#### Work task
Line by line, transcribe the data below exactly and pass over the images.

Source data
○ ○ ○ ○ ○ ○ ○

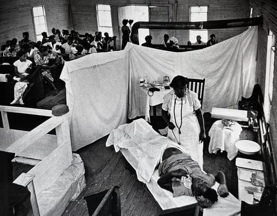 The Battle of Okinawa (1945) for Life magazine, a powerful series capturing the brutality of combat and the suffering of civilians during World War II. In Country Doctor (1948), also for Life, he followed Dr. Ernest Ceriani in rural Colorado, photographing the challenges of medical care in isolated communities. Nurse Midwife (1951) documents Maude Callen, a nurse midwife in South Carolina who provided care to poor, mostly Black communities. That same year, Spanish Village explored the everyday life in the rural Spanish village of Deleitosa under Franco’s regime. Finally, in A Man of Mercy (1954), Smith photographed a humanitarian doctor, Albert Schweitzer, at his hospital in Lambaréné, Gabon.
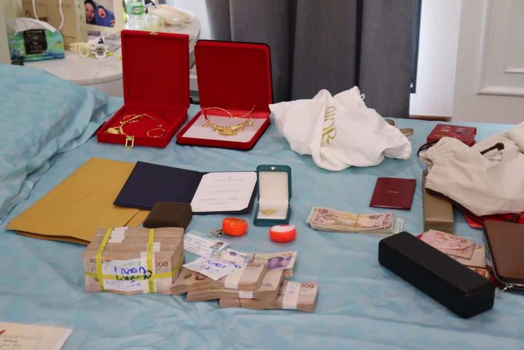 จุดที่น่าสนใจคือการตรวจค้นบ้านหรู ย่านประเวศ ซึ่งมีด้วยกัน 5 เป้าหมาย ลักษณะเป็นบ้านเดี่ยวสองชั้น เนื้อที่กว่า 150 ตร.วา แต่ละหลังมูลค่า 35-60 ล้านบาท ก่อนจับกุม นายเซาเซียน ซู อายุ 31 ปี และนางคี ยิ ยี อายุ 25 ปี ผู้ต้องหาชาวจีน ตามหมายจับศาลอาญาที่ 1665-66/2566 ลงวันที่ 26 พ.ค.2566 ในความผิดฐานร่วมกันฉ้อโกงประชาชน และร่วมกันฟอกเงิน พร้อมตรวจยึดเงินสดกว่า 1.5 ล้านบาท โฉนดที่ดินบ้านจัดสรร มูลค่ากว่า 60 ล้านบาท, หนังสือกรรมสิทธิ์ห้องชุดคอนโดหรูย่านสุขุมวิท 4 ห้อง มูลค่า 128 ล้านบาท, ตุ๊กตาแบร์บริค 14 ตัว โทรศัพท์มือถือ ไอโฟน 6 เครื่อง ไอแพค คอมพิวเตอร์แมคบุ๊ค กระเป๋าแบรนด์เนม อาทิ แอร์เมส,ซาแนล เป็นต้น
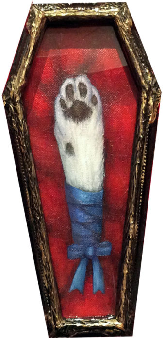 作品タイトル:ほしいものリスト *にくきゅうてって* 作家名:福本綾 サイズ:額装9×19cm メディア等:作品本体_キャンバス、油彩 額_アクリル彩色後ニス塗装、ミクストメディア
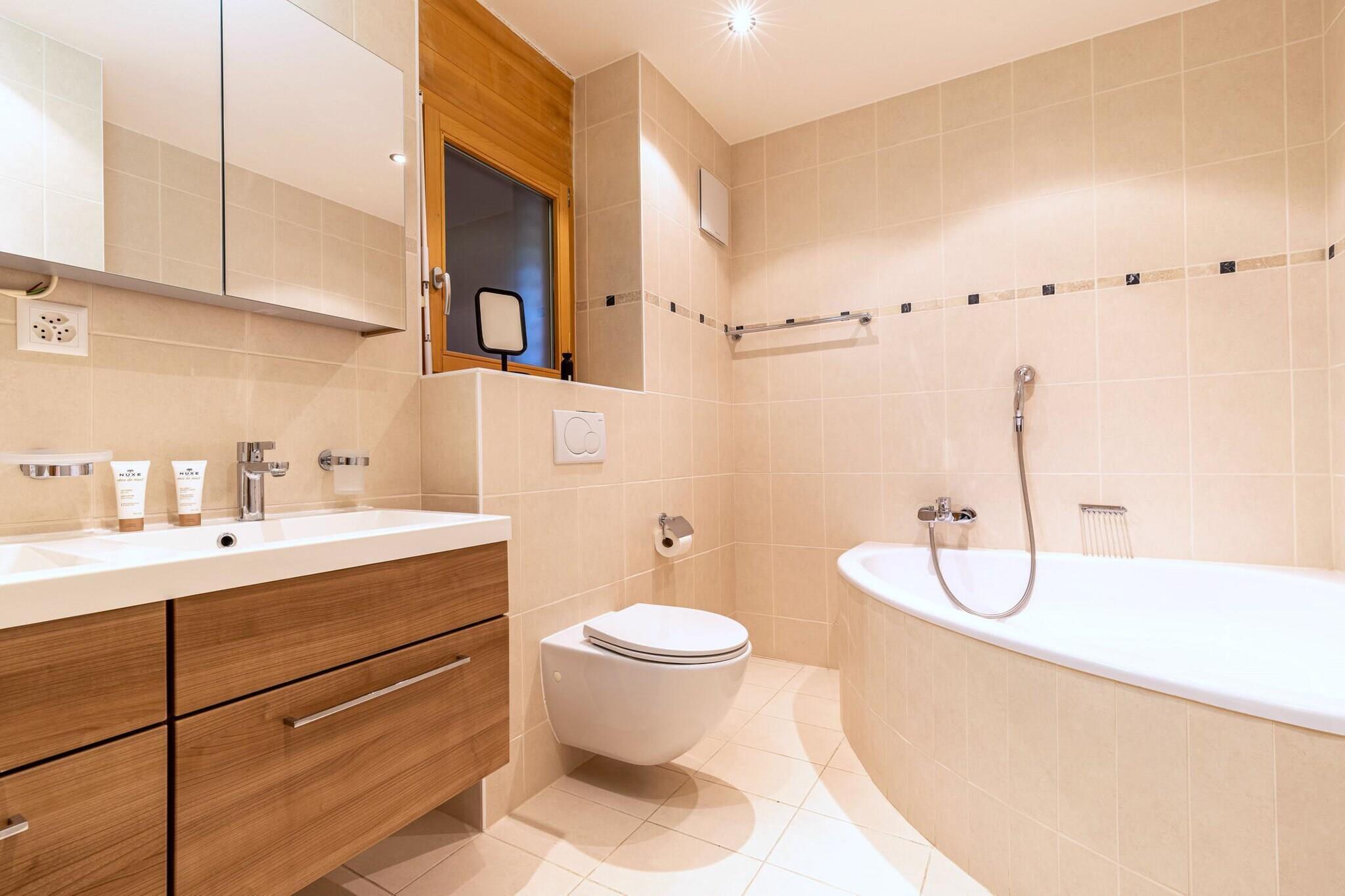 Inbäddat i den lugna skönheten i Veysonnaz, Schweiz, erbjuder denna rymliga 4*+ lägenhet en bekväm oas för upp till 8 personer. Den 110 m² stora boytan har ett mysigt vardagsrum med öppen spis, bäddsoffa, platt-TV med kabelkanaler och DVD-spelare. Det fullt utrustade öppna köket har en keramikhäll, ugn, mikrovågsugn, brödrost, filterkaffebryggare, vattenkokare och diskmaskin, vilket säkerställer att alla dina kulinariska behov uppfylls. Lägenheten har tre sovrum, två badrum och en vidsträckt terrass med panoramautsikt över Rhônedalen. Lägenheten har ett perfekt läge i residenset Hauts de Veysonnaz, och erbjuder direkt tillgång till Veysonnaz skidbacke. Efter en kort promenad är du i backen, redo att åka skidor. Linbanan ligger bara 400 meter bort, och det finns butiker och fritidsaktiviteter 1,3 km från boendet. Residenset är omgivet av natur och ligger också nära vandringsleder, vilket ger friluftsentusiaster oändliga möjligheter till utforskning. Anläggningen har hiss, bastu och tvättmöjligheter för extra bekvämlighet. Ytterligare bekvämligheter inkluderar en privat parkeringsplats, skidrum och tillgång till en allmän pool under sommar- och vintersäsongen. För extra komfort kan du välja tjänster som sängkläder, handdukar och slutstädning (tillgänglig mot en extra kostnad). Residenset erbjuder också olika aktiviteter genom programmet Sun&Fun under högsäsong, tillsammans med rabatter på uthyrning av utrustning. Husdjur är inte tillåtna, och det finns en obligatorisk deposition som släpps efter din vistelse.
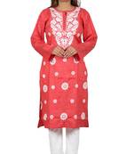 Lavangi Women's Lucknow Chikan Embroidery Work Khadi Cotton Kurti (Red)
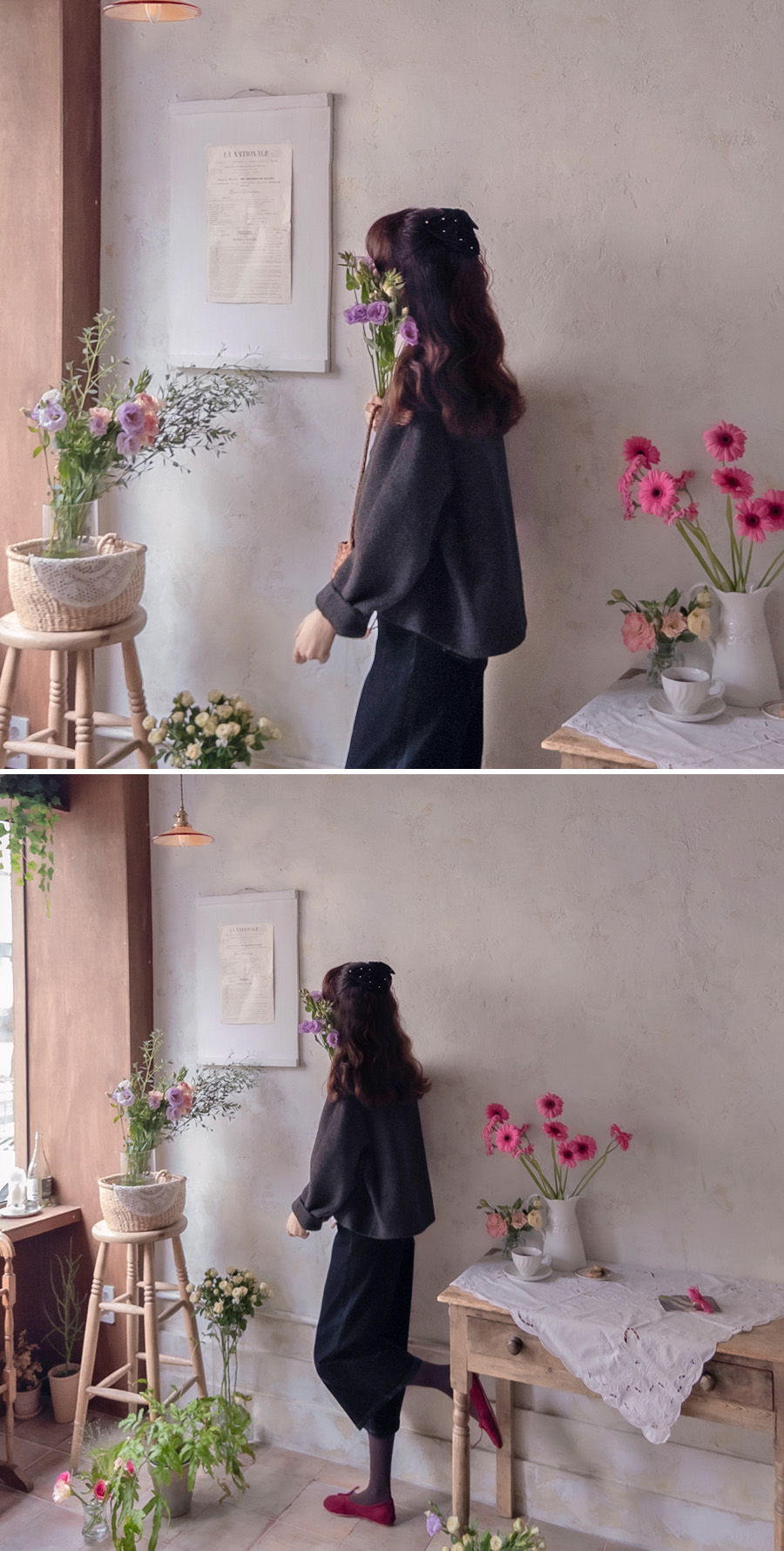 세련된 노 카라로 스카프나 목도리와 매치해서 입으시기 좋으구요~ |
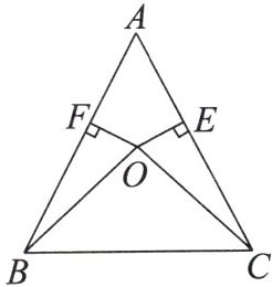 证明:连接OA(图略).因为点O到AB,AC的距离相等,即OF=OE,所以AO平分∠BAC,即∠BAO=∠CAO.在Rt△BOF和Rt△COE中,OB=OC,OF=OE,所以Rt△BOF≌Rt△COE(HL).所以∠FBO=∠ECO.在△AOB和△AOC中,∠BAO=∠CAO,∠ABO=∠ACO,OB=OC,所以△AOB≌△AOC(AAS).所以AB=AC.
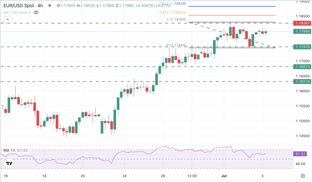 Grafik 4 jam menunjukkan tren bullish tetap utuh, dengan Relative Strength Index (RSI) 14-periode jauh di atas level 50. Support terdekat berada di level terendah hari Rabu, di 1,1745. Lebih jauh ke bawah, area antara level terendah 27 Juni di 1,1680 dan level terendah 26 Juni di 1,1650 menawarkan support signifikan untuk koreksi bearish.
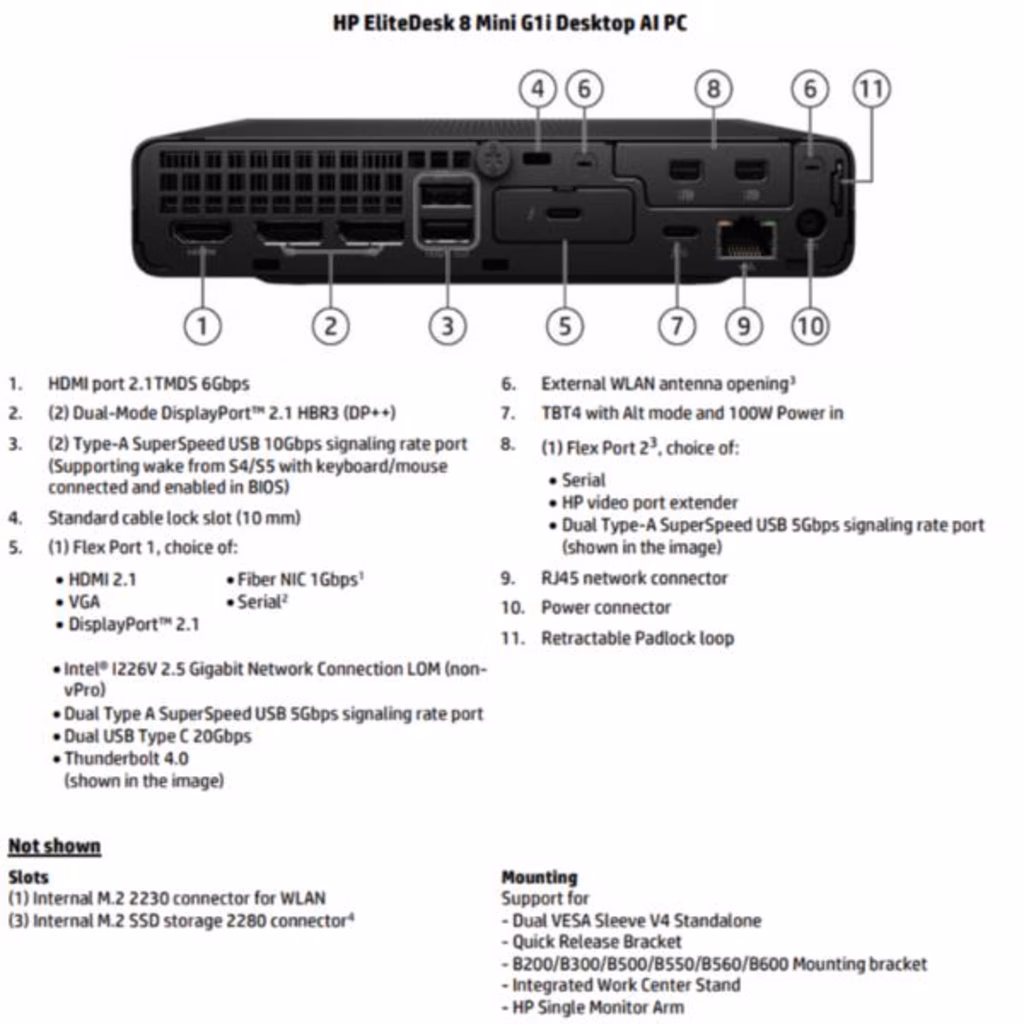 Dotato di prestazioni eccezionali potenziate dall'AI con il più recente processore Intel® Core Ultra e NPU fino a 13 TOPS, il design compatto di HP EliteDesk 8 Mini G1i AI PC lo rende la scelta ideale per gli ambienti di lavoro moderni.
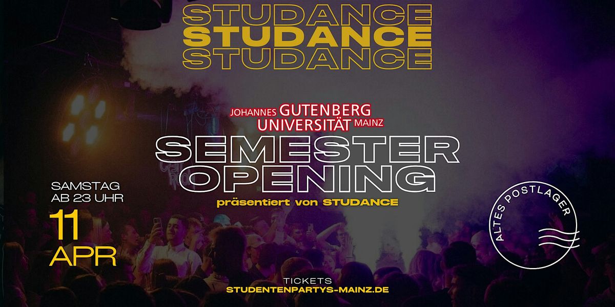 Am Freitag, den 11. April 2026, starten wir ab 23:00 Uhr im Alten Postlager auf 2 Floors mit der großen STUDANCE Semester Opening Party ins Sommersemester – mitten in der Ersti-Woche der JGU Mainz.
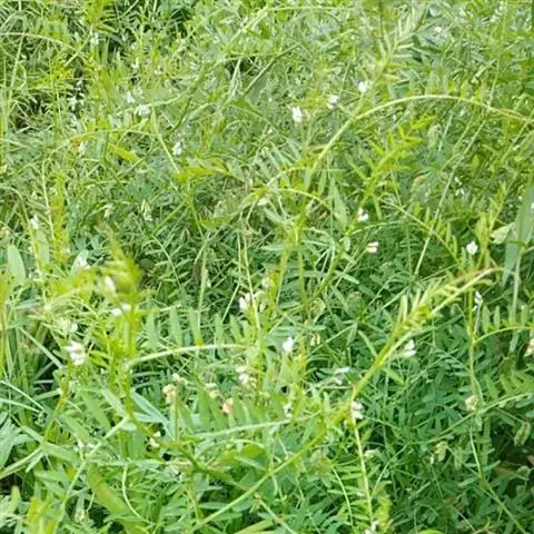 总状花序腋生,长15-20厘米,通常2朵花簇生于花序总轴的节上;花梗长5-8毫米,在花萼下有卵形的小苞片2枚;花萼长约3毫米,萼齿不明显,外面略被锈色短柔毛,边缘尤密;花冠白色或粉红色,长12-14毫米,各瓣均具柄,旗瓣背面被丝毛,边缘内卷,龙骨瓣略弯曲。荚果长4-5厘米,宽1.5-2.5厘米,表面有不甚明显的小疣凸,顶端有微弯曲的短喙,不开裂,沿缝线处无隆起的边或翅,有种子1粒;种子肾形。花期5-6月,果期8-10月。

○ ○ ○ ○ ○ ○ ○

#### Worked solution
 The Battle of Okinawa (1945) for Life magazine, a powerful series capturing the brutality of combat and the suffering of civilians during World War II. In Country Doctor (1948), also for Life, he followed Dr. Ernest Ceriani in rural Colorado, photographing the challenges of medical care in isolated communities. Nurse Midwife (1951) documents Maude Callen, a nurse midwife in South Carolina who provided care to poor, mostly Black communities. That same year, Spanish Village explored the everyday life in the rural Spanish village of Deleitosa under Franco’s regime. Finally, in A Man of Mercy (1954), Smith photographed a humanitarian doctor, Albert Schweitzer, at his hospital in Lambaréné, Gabon.
 จุดที่น่าสนใจคือการตรวจค้นบ้านหรู ย่านประเวศ ซึ่งมีด้วยกัน 5 เป้าหมาย ลักษณะเป็นบ้านเดี่ยวสองชั้น เนื้อที่กว่า 150 ตร.วา แต่ละหลังมูลค่า 35-60 ล้านบาท ก่อนจับกุม นายเซาเซียน ซู อายุ 31 ปี และนางคี ยิ ยี อายุ 25 ปี ผู้ต้องหาชาวจีน ตามหมายจับศาลอาญาที่ 1665-66/2566 ลงวันที่ 26 พ.ค.2566 ในความผิดฐานร่วมกันฉ้อโกงประชาชน และร่วมกันฟอกเงิน พร้อมตรวจยึดเงินสดกว่า 1.5 ล้านบาท โฉนดที่ดินบ้านจัดสรร มูลค่ากว่า 60 ล้านบาท, หนังสือกรรมสิทธิ์ห้องชุดคอนโดหรูย่านสุขุมวิท 4 ห้อง มูลค่า 128 ล้านบาท, ตุ๊กตาแบร์บริค 14 ตัว โทรศัพท์มือถือ ไอโฟน 6 เครื่อง ไอแพค คอมพิวเตอร์แมคบุ๊ค กระเป๋าแบรนด์เนม อาทิ แอร์เมส,ซาแนล เป็นต้น
 作品タイトル:ほしいものリスト *にくきゅうてって* 作家名:福本綾 サイズ:額装9×19cm メディア等:作品本体_キャンバス、油彩 額_アクリル彩色後ニス塗装、ミクストメディア
 Inbäddat i den lugna skönheten i Veysonnaz, Schweiz, erbjuder denna rymliga 4*+ lägenhet en bekväm oas för upp till 8 personer. Den 110 m² stora boytan har ett mysigt vardagsrum med öppen spis, bäddsoffa, platt-TV med kabelkanaler och DVD-spelare. Det fullt utrustade öppna köket har en keramikhäll, ugn, mikrovågsugn, brödrost, filterkaffebryggare, vattenkokare och diskmaskin, vilket säkerställer att alla dina kulinariska behov uppfylls. Lägenheten har tre sovrum, två badrum och en vidsträckt terrass med panoramautsikt över Rhônedalen. Lägenheten har ett perfekt läge i residenset Hauts de Veysonnaz, och erbjuder direkt tillgång till Veysonnaz skidbacke. Efter en kort promenad är du i backen, redo att åka skidor. Linbanan ligger bara 400 meter bort, och det finns butiker och fritidsaktiviteter 1,3 km från boendet. Residenset är omgivet av natur och ligger också nära vandringsleder, vilket ger friluftsentusiaster oändliga möjligheter till utforskning. Anläggningen har hiss, bastu och tvättmöjligheter för extra bekvämlighet. Ytterligare bekvämligheter inkluderar en privat parkeringsplats, skidrum och tillgång till en allmän pool under sommar- och vintersäsongen. För extra komfort kan du välja tjänster som sängkläder, handdukar och slutstädning (tillgänglig mot en extra kostnad). Residenset erbjuder också olika aktiviteter genom programmet Sun&Fun under högsäsong, tillsammans med rabatter på uthyrning av utrustning. Husdjur är inte tillåtna, och det finns en obligatorisk deposition som släpps efter din vistelse.
 Lavangi Women's Lucknow Chikan Embroidery Work Khadi Cotton Kurti (Red)
 세련된 노 카라로 스카프나 목도리와 매치해서 입으시기 좋으구요~ |
 证明:连接OA(图略).因为点O到AB,AC的距离相等,即OF=OE,所以AO平分∠BAC,即∠BAO=∠CAO.在Rt△BOF和Rt△COE中,OB=OC,OF=OE,所以Rt△BOF≌Rt△COE(HL).所以∠FBO=∠ECO.在△AOB和△AOC中,∠BAO=∠CAO,∠ABO=∠ACO,OB=OC,所以△AOB≌△AOC(AAS).所以AB=AC.
 Grafik 4 jam menunjukkan tren bullish tetap utuh, dengan Relative Strength Index (RSI) 14-periode jauh di atas level 50. Support terdekat berada di level terendah hari Rabu, di 1,1745. Lebih jauh ke bawah, area antara level terendah 27 Juni di 1,1680 dan level terendah 26 Juni di 1,1650 menawarkan support signifikan untuk koreksi bearish.
 Dotato di prestazioni eccezionali potenziate dall'AI con il più recente processore Intel® Core Ultra e NPU fino a 13 TOPS, il design compatto di HP EliteDesk 8 Mini G1i AI PC lo rende la scelta ideale per gli ambienti di lavoro moderni.
 Am Freitag, den 11. April 2026, starten wir ab 23:00 Uhr im Alten Postlager auf 2 Floors mit der großen STUDANCE Semester Opening Party ins Sommersemester – mitten in der Ersti-Woche der JGU Mainz.
 总状花序腋生,长15-20厘米,通常2朵花簇生于花序总轴的节上;花梗长5-8毫米,在花萼下有卵形的小苞片2枚;花萼长约3毫米,萼齿不明显,外面略被锈色短柔毛,边缘尤密;花冠白色或粉红色,长12-14毫米,各瓣均具柄,旗瓣背面被丝毛,边缘内卷,龙骨瓣略弯曲。荚果长4-5厘米,宽1.5-2.5厘米,表面有不甚明显的小疣凸,顶端有微弯曲的短喙,不开裂,沿缝线处无隆起的边或翅,有种子1粒;种子肾形。花期5-6月,果期8-10月。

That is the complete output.